Transcription – Mini-série portant sur les Objectifs de développement durable, Épisode 2 : Les défis des objectifs de développement durable en Afrique avec Caroline Delany

Alexandre Lévêque : Caroline Delany est très au fait des affaires internationales. Depuis qu’elle a rejoint ce qui était alors l’Agence canadienne de développement international en 2005, Caroline a occupé de nombreux postes dans le domaine du développement international et de la politique étrangère, notamment en Asie du Sud et en Afrique. Elle a été haute-commissaire du Canada au Mozambique ainsi que directrice du programme de développement du Mozambique. Elle a dirigé l’engagement d’Affaires mondiales Canada dans de nombreux programmes et politiques de développement, comme la Politique d’aide internationale féministe.

Bonjour chers auditeurs, ici Alexandre Lévêque, sous-ministre adjoint de la Politique stratégique à Affaires mondiales Canada. Bienvenue à cette minisérie portant sur les Objectifs de développement durable.
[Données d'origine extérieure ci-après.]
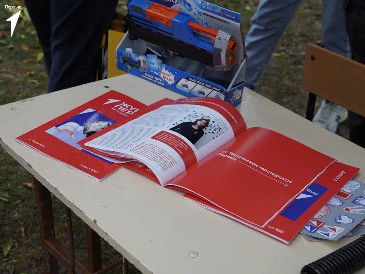 1Для ребят была открыта палатка Первых, где они смогли проверить свою ловкость, познакомиться с печатными изданиями регионального отделения Движения Первых, такими, как «Журнал Первых», сборники «Связь поколений» и «Диалог о миссии СВО», пообщаться с представителями Движения и получить в подарок сувенирные стикеры.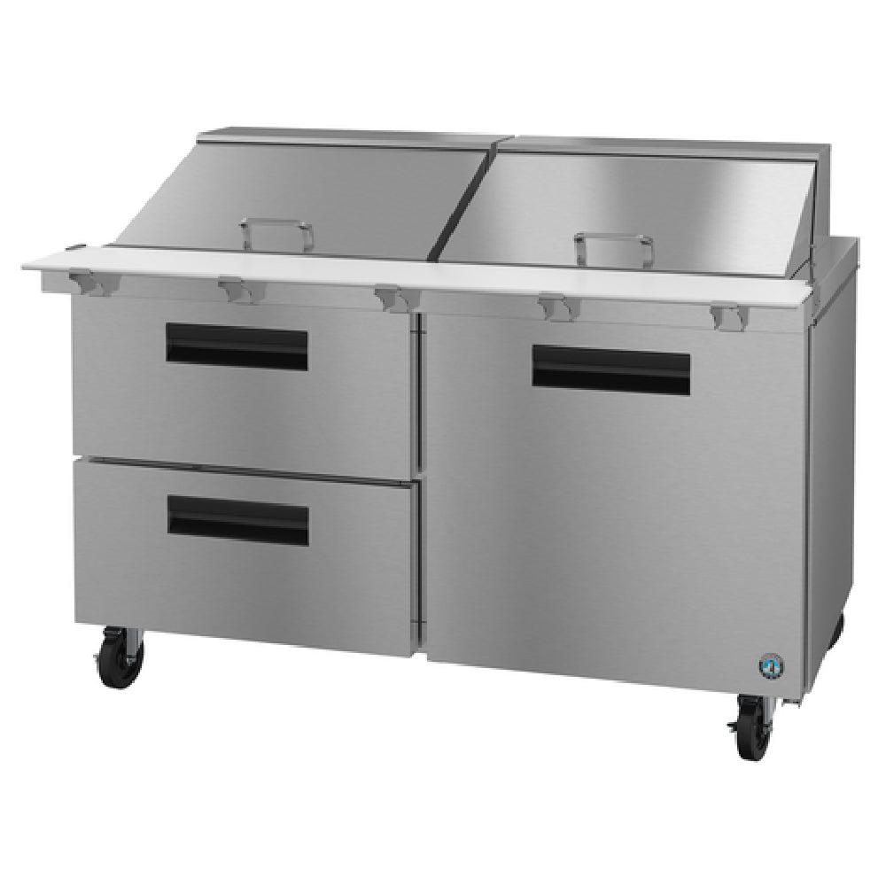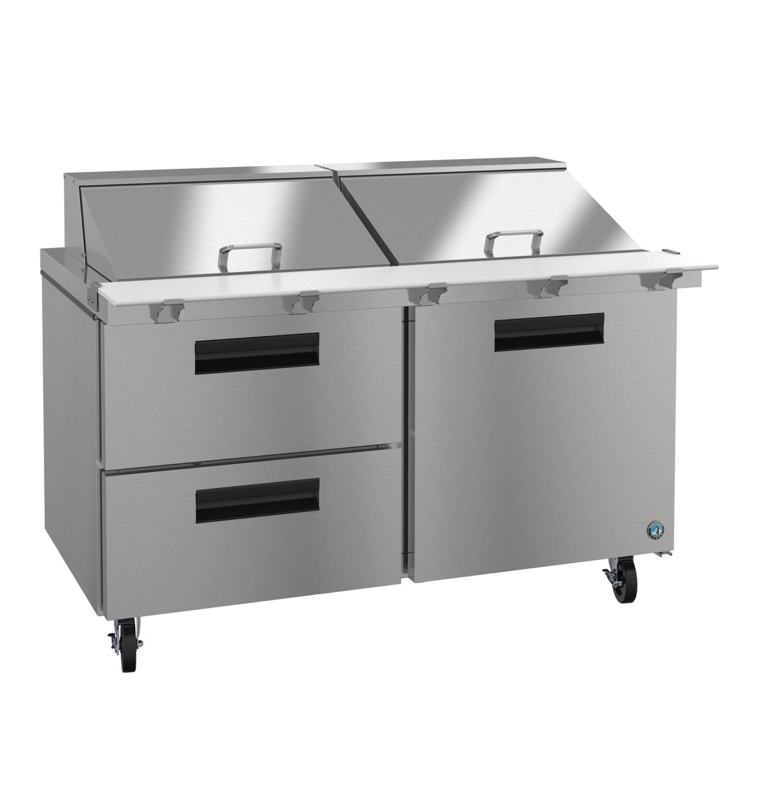 The Hoshizaki SR60B-24MD2 Steelheart Series Mega Top Refrigerator Two-section 60"W is a commercial-grade refrigerated counter designed for high-efficiency food storage in professional kitchens. This two-section model features a self-contained rear-mounted refrigeration system with a 1/3 HP compressor, utilizing environmentally friendly R290 hydrocarbon refrigerant for optimal cooling performance. Constructed with stainless steel front, top, and sides, it offers durability and sanitation in busy foodservice environments. Its 14.8 cubic feet capacity, combined with adjustable shelving and drawer configurations, ensures organized and accessible storage of prepped ingredients and menu components. The unit is engineered for reliable operation in demanding commercial settings, providing precise temperature control and ease of maintenance. Designed for moderate throughput kitchens, it supports streamlined workflow and food safety standards with robust materials and efficient refrigeration technology.
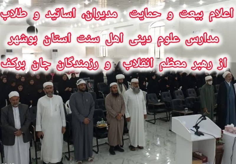 به گزارش خبرگزاری تسنیم از بوشهر، در پی اعلام نظر مجلس خبرگان رهبری درباره انتخاب رهبر جدید انقلاب اسلامی آیتالله سید مجتبی حسینی خامنهای، جمعی از مدیران، اساتید و طلاب مدارس علوم دینی اهل سنت در استان بوشهر با انتشار بیانیههایی ضمن تسلیت درگذشت رهبر پیشین انقلاب، از این تصمیم اعلام حمایت کردند.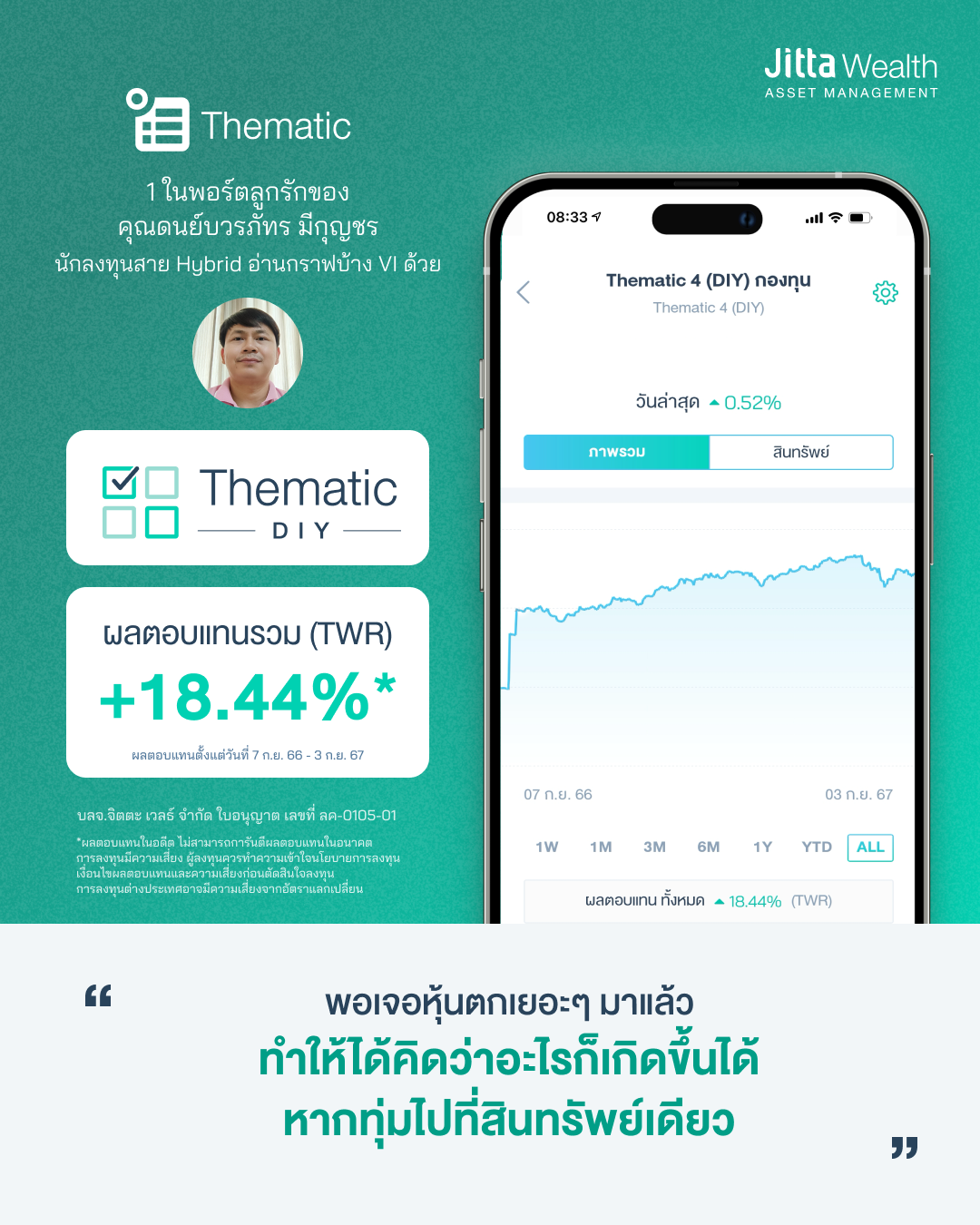 “พอเจอหุ้นตกเยอะๆ ทำให้ได้คิดว่า อะไรก็เกิดขึ้นได้ หากทุ่มไปที่สินทรัพย์เดียว” Thematic (DIY) ผลตอบแทน +18.44% (7 ก.ย. 66- 3 ก.ย. 67)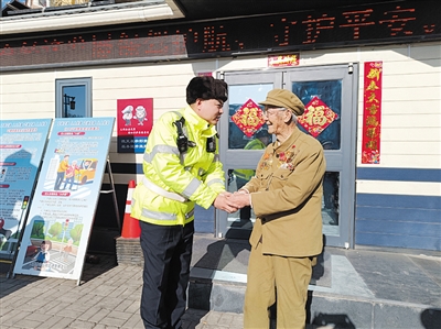 3月1日下午3时许,记者见到民警姚斌后,他说,“在岗一分钟,尽责60秒”,这是每一名交通警察始终铭记在心的职责。他只是做了一件日常工作中最普通的事情,让他欣慰的是,通过那位网友的视频,他才知道自己帮到的老兵是一位抗美援朝英雄。这几天,他在网上也搜索到关于这位老人的相关信息,心生敬意,觉得能够帮到他是自己的荣幸。同时他也表示,在今后的工作中将站好每一班岗,做好日常工作中的每一件小事,让群众切身感受到民警就在身边,安全就在身边,温暖就在身边。

Dans cet épisode, Caroline Delany et moi allons parler des défis liés aux Objectifs de développement durable en Afrique. Alors bienvenue. Bienvenue parmi nous, Caroline!

Caroline Delany : Merci beaucoup.

Alexandre Lévêque : Avant de poursuivre, j’aimerais souligner que cet épisode fait partie d’une minisérie de 3 balados qui portent sur les Objectifs de développement durable. Conformément à la Loi sur les langues officielles du Canada, les invités sont libres de s’exprimer dans la langue de leur choix. Donc, si vous êtes prête, commençons.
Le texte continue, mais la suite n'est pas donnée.